True but they're easier on you, less exertion. Plus anyone can do it, we had a mates 16 year old lad down to help out. Couldn't swing an axe for toffee but he can lift logs on and off the splitter all day long


----------



## SamG340 (16 Apr 2022)




----------



## SamG340 (16 Apr 2022)

dickm said:


> Split a couple of the biggest rounds this afternoon, which took about an hour with axe and wedges.

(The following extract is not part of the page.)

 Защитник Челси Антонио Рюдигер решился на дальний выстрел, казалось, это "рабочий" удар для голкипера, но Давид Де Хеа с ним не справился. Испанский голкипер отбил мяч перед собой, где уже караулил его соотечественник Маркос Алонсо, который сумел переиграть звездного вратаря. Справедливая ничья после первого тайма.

When it's taking too long to split big rounds I run a few lines across them with the old rip saw , if you do both sides they're dead easy


----------



## Tony51 (16 Apr 2022)

You could try a "grenade" they readily available. Google will help .they are shaped to twist as you knock it in the centre . Lot less effort.
I use one on ash beech crack willow and yew works a treat. Got mine in a set,made by Roughneck .came with heavy axe and small axe.
Tony


----------



## recipio (16 Apr 2022)

Its Norway Spruce so not good for open fires as they spark a lot. Fine for woodburning stoves though as long as you let them dry out. I think it's time to hire the biggest industrial sprlitter you can find and then a shredder. Not a job for Sunday morning if you have neighbours.


----------



## dickm (16 Apr 2022)

Tony51 said:


> You could try a "grenade" they readily available. Google will help .they are shaped to twist as you knock it in the centre . Lot less effort.
> I use one on ash beech crack willow and yew works a treat. Got mine in a set,made by Roughneck .came with heavy axe and small axe.
> Tony


Mine was £3 from a local car boot, and has split many species, even some elm with really complicated grain. I find for most species, they split more easily when at least partially dried, unless they've started to rot, when the wedge just sinks in. The same sometimes happens with softwoods; larch seems particularly prone to this. 
Will probably carry on slowly splitting by hand until age says to stop. Got big strong son-in-law coming over from Michigan later this month. Now there's a thought!
BTW, Thanks to Recipio for pointing out my error, the wood is actually _Abies procera_, Noble fir, not _Picea_. Got half the name right, anyway!


----------



## Adam W. (16 Apr 2022)

SamG340 said:


> True but they're easier on you, less exertion. Plus anyone can do it, we had a mates 16 year old lad down to help out. Couldn't swing an axe for toffee but he can lift logs on and off the splitter all day long


All that bending over and lifting.......No thanks!


----------



## SamG340 (16 Apr 2022)

Adam W. said:


> All that bending over and lifting.......No thanks!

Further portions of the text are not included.